17 Feb
2025
17 Feb
'25
7:36 a.m.
On Mon, Feb 17, 2025 at 09:11:17AM -0500, Paul Koning via cctalk wrote:
[...]
int f1(int i) {
int j;
int f2(int x) { int y; y = j*2; ... f1(x+1); }
f2(...);
}
f1(42);
The local variables go into stack frames, one for each call of each
function. So when recursive calls are made as in this example, there are
multiple stack frames belonging to calls of f1 and of f2. Each f1 frame
has a j in it. So how does the code for f2 find "the right f1 frame" to
resolve the reference to j that I showed?

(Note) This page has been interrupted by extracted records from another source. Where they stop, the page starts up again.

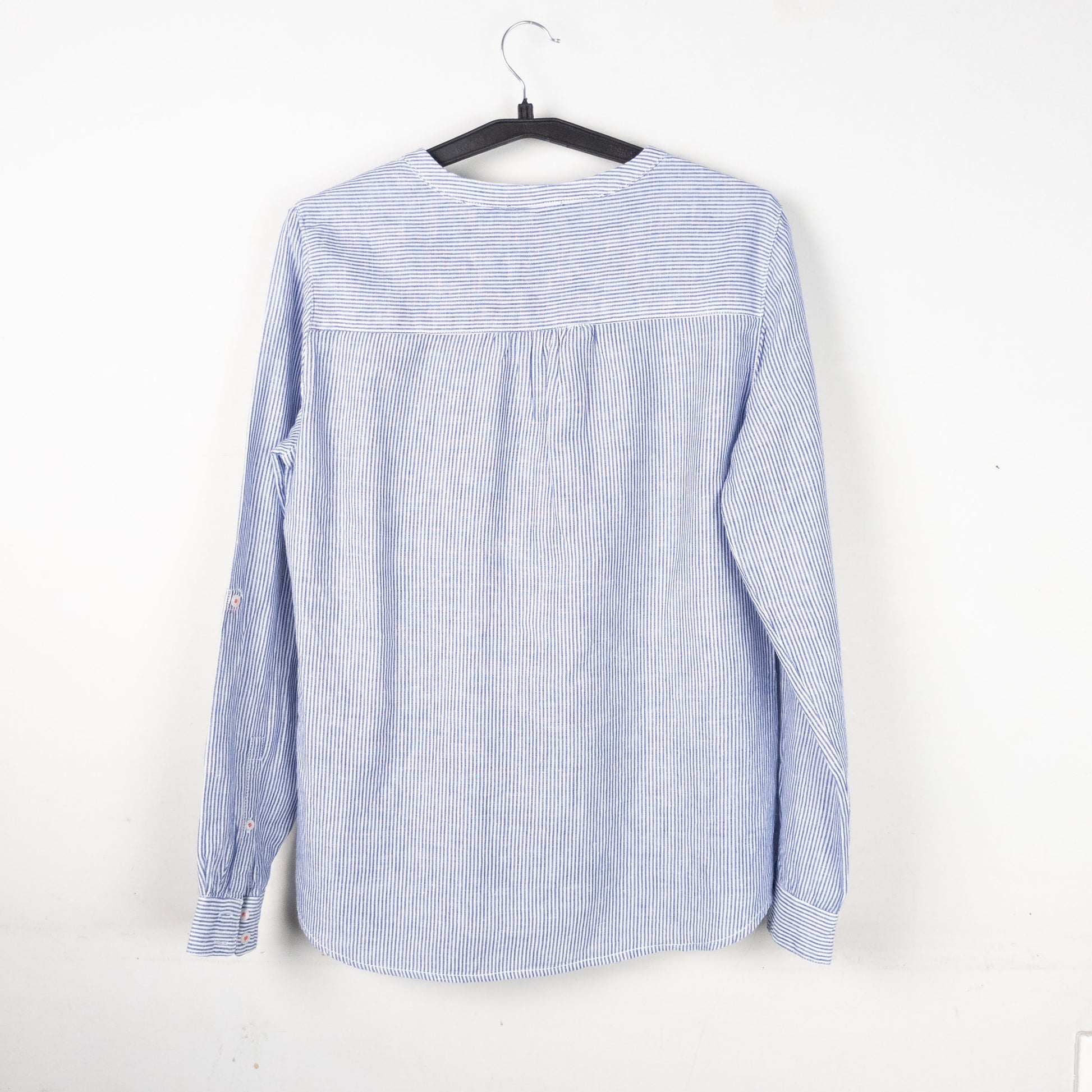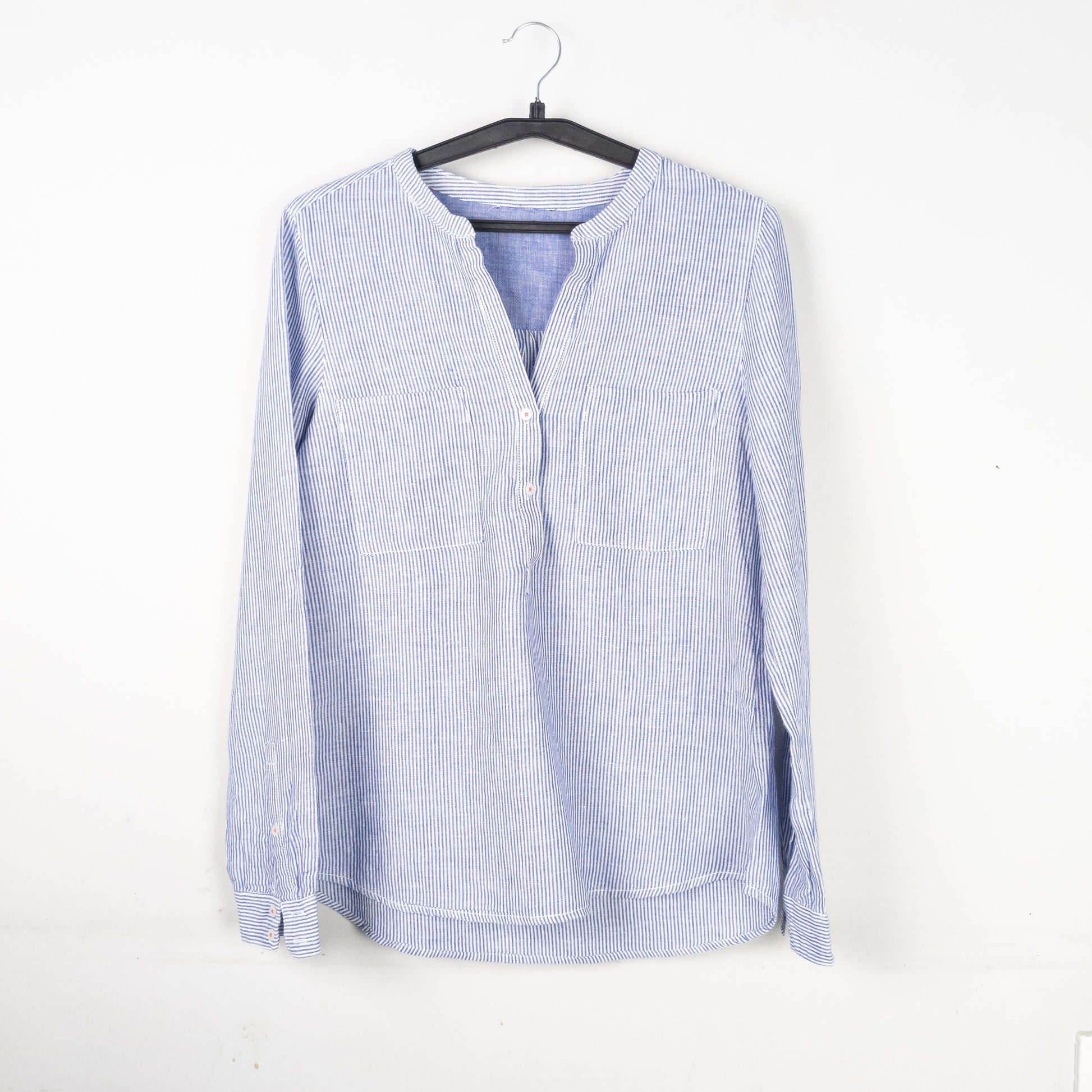 This is a blue and white striped long sleeve shirt with a v-neck collar.
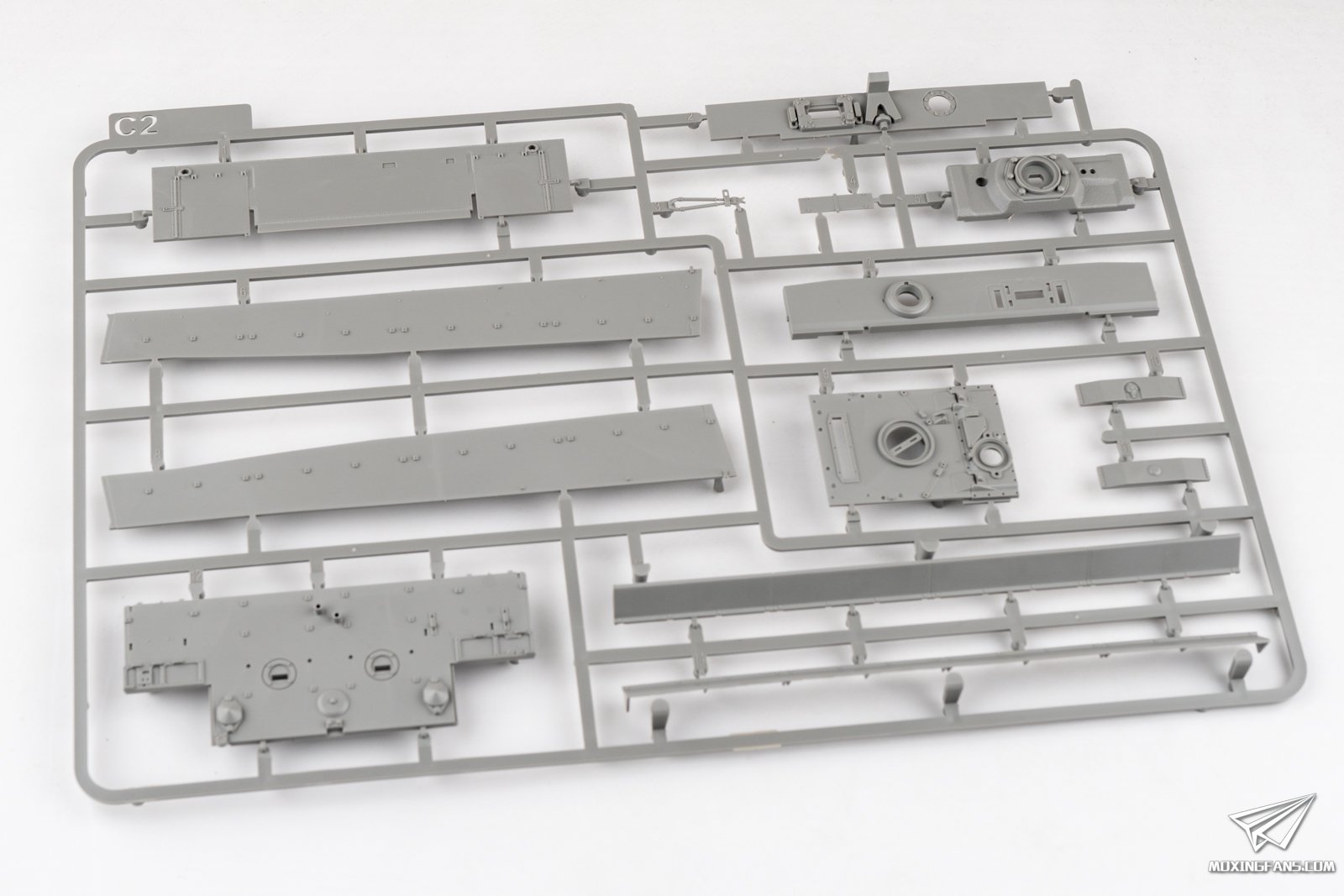 ▼ 这盒套件中大部分零件使用了后期虎的板件,E2,C2,D2,N2和两只炮塔为新开模,附带半拼接履带,蚀刻片和铝合金炮管。
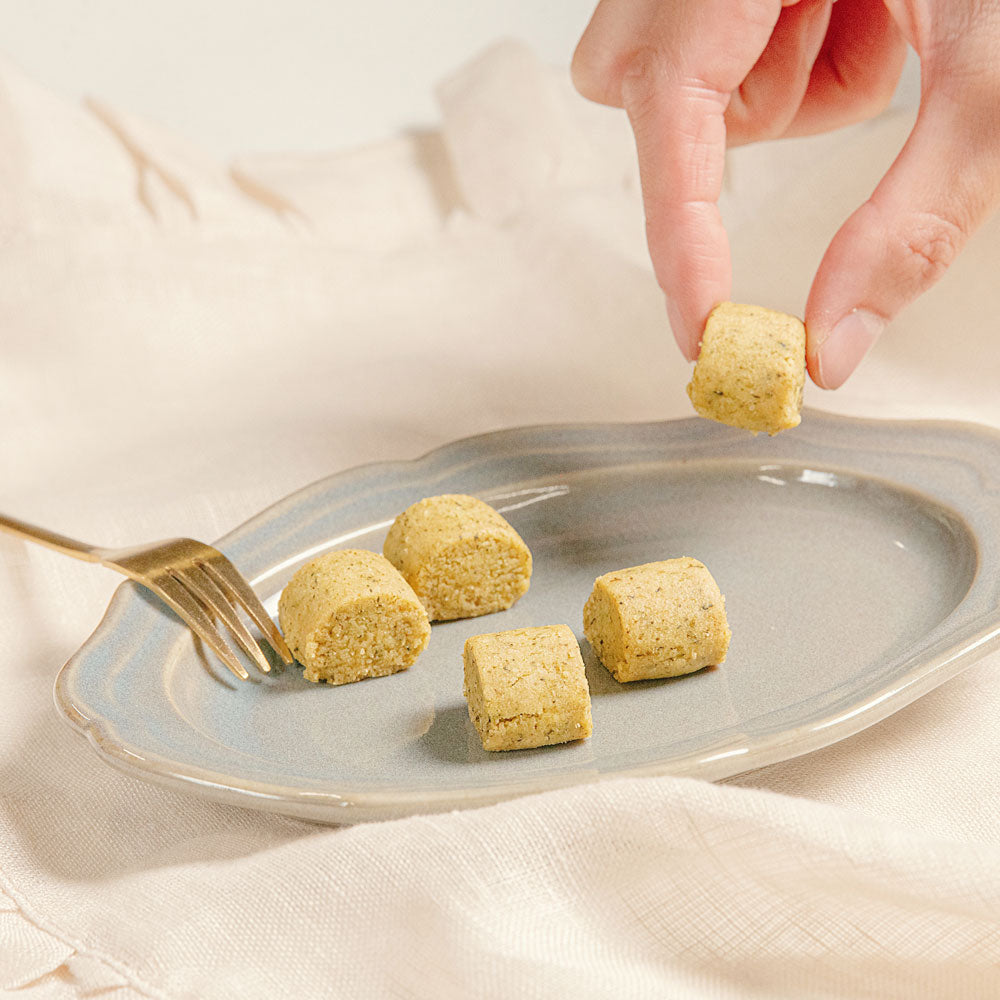 普段は食べない、お茶の葉を無添加クッキーに。一流シェフが丁寧に手作りした逸品。粉茶をそのまま使用しているので、香ばしいお茶の味がクセになります。店主がほぼ毎日食べてしまっている、中毒性のあるクッキーです。
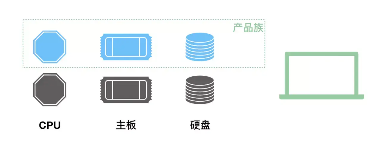 - 当涉及到这种产品族的问题的时候,就需要抽象工厂模式来支持了。我们不再定义 CPU 工厂、主板工厂、硬盘工厂、显示屏工厂等等,我们直接定义电脑工厂,每个电脑工厂负责生产所有的设备,这样能保证肯定不存在兼容问题。
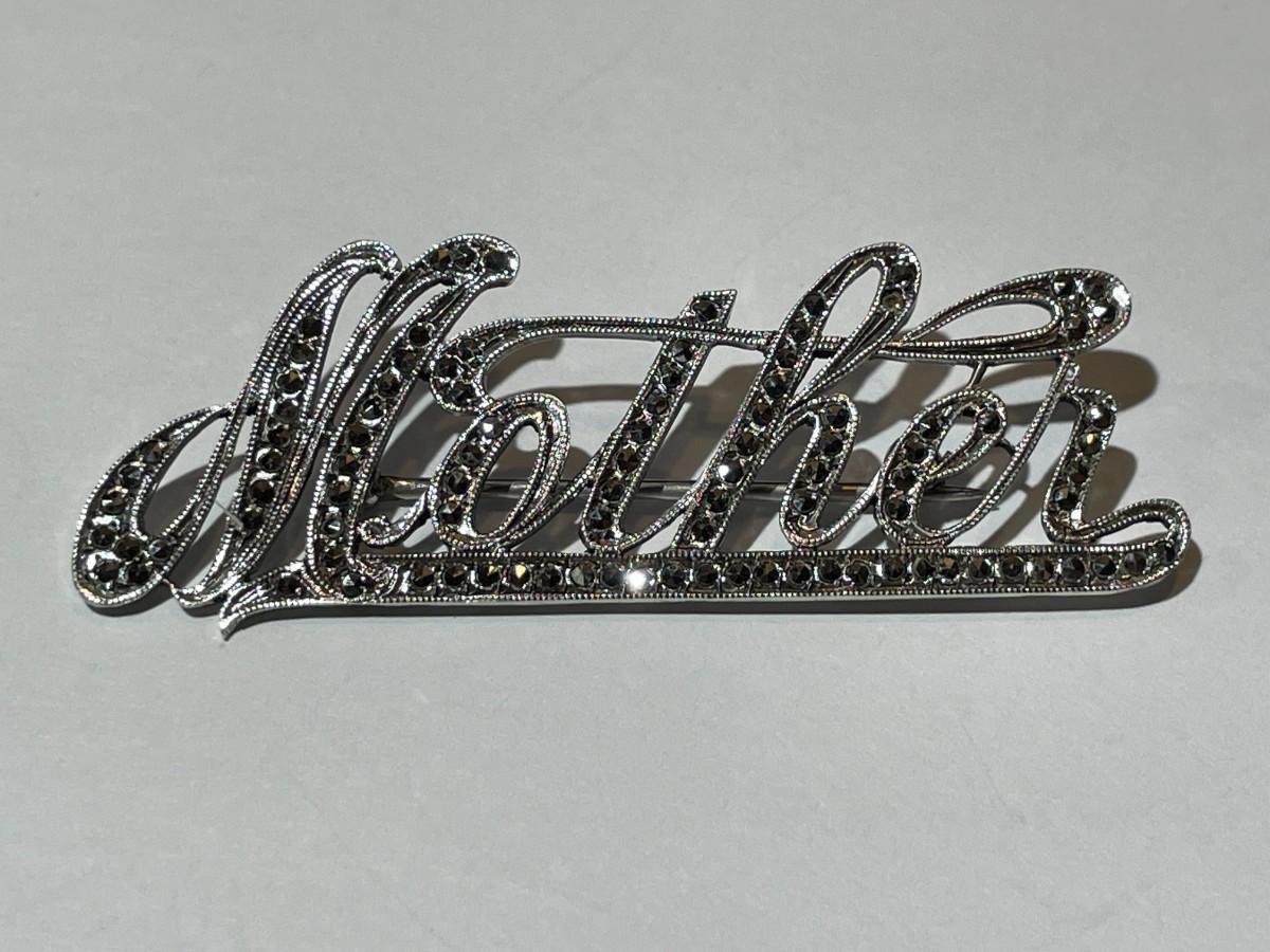 Vintage Sterling Silver .925 Marcasite "Mother" Pin in VG Preowned Condition.
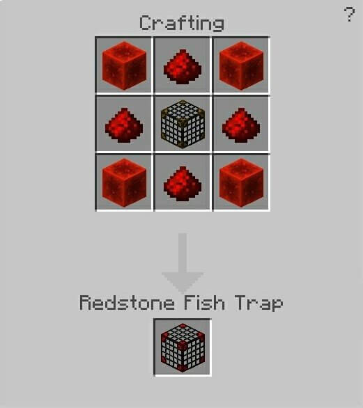 The final way to obtain a catch is to use a red stone trap. This design "works" extremely fast and instantly attracts edible trophies to land.
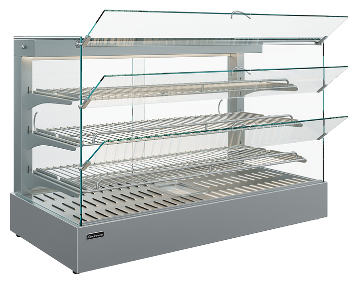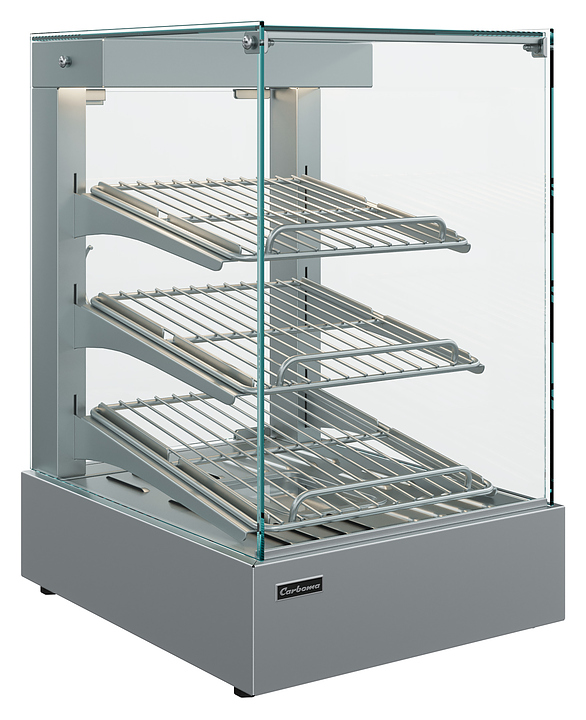 Тепловая витрина Carboma AC45 HWB 0,4-1 (self) серии Asia используется в небольших барах и кафе, на предприятиях общественного питания и торговли для поддержания в горячем состоянии, кратковременного хранения, демонстрации и продажи различных закусок и блюд, пиццы и выпечки. Модель оснащена системой пароувлажнения (типа мармит), задней распашной створкой, 3 полками-решетками с возможностью регулирования угла, термометром, термостатом и выдвижным поддоном для сбора крошек. Корпус и полки выполнены из нержавеющей стали. Особенности:

The answer is to have a display, which is a vector of pointers, indexed by
"static scope", in other words by textual nesting level. In this case that
vector would have three entries: one for the program, f1, and f2. When a
call to f1 is made, the stack frame is created. In the stack frame the
previous value of the display entry for f1 is saved, and that entry is
then set to the stack frame address. On function return, the previous
display entry is restored.
To resolve the reference to j in f2, the code would load the display entry
for f1 (the second entry in the display vector), and add the offset to j
in the stack frame.
That's the very old-school approach for weird CISC architectures which were
mainly programmed in assembly language or with naivee compilers. It's most
definitely not a *good* way to do it, performance-wise. So of course x86
supports it. When I first encountered x86's ENTER and LEAVE instructions, I
thought "that's on crack". Being x86, it almost never removes features and
often even doubles-down, and so this still works and is even supported in
64-bit long mode.
Although the exact terminology and implementations can vary by language,
these days that inner function would normally be called a "closure" which
"captures" variables from the outer function. In your example, j but not i
is captured by f2, and so f2 doesn't need access to all of f1's stack frame,
just its j.
I wrote a contrived test program in Rust and inspected the machine code, and
what it did was to pass the address of j as a hidden parameter to f2. This
meant that f2 already had that address in a register and didn't need to do
an extra memory access to find it. The nested call used the normal CALL/RET
instructions which do not do the slow and complex microcoded operations on
stack frames that ENTER does.
How slow are we talking? ENTER/LEAVE is also at least order of magnitude
slower than CALL/RET on modern x86. On my Haswell, CALL is ~2 cycles,
whereas ENTER is ~80. It's a bit better on e.g. Zen 4 at ~20 cycles, but
still not great.
However, I'd contrived the code so that it didn't get optimised away. Since
j is not modified by the code (unless your "..." elision does it), the
compiler could have passed the *value* of j as a parameter as the changed
value doesn't need to be propagated back up the call stack, saving another
memory access. Or most likely it'd have noticed that f2 was a good candidate
for inlining and now f1 and f2 share the same stack frame and can trivially
access each other's variables.
ENTER/LEAVE might have perhaps been more useful on the 286 and mitigated
some of its many performance problems in protected mode, but I'd rather just
use pretty much anything else, possibly even pen and paper, in preference to
segmented x86.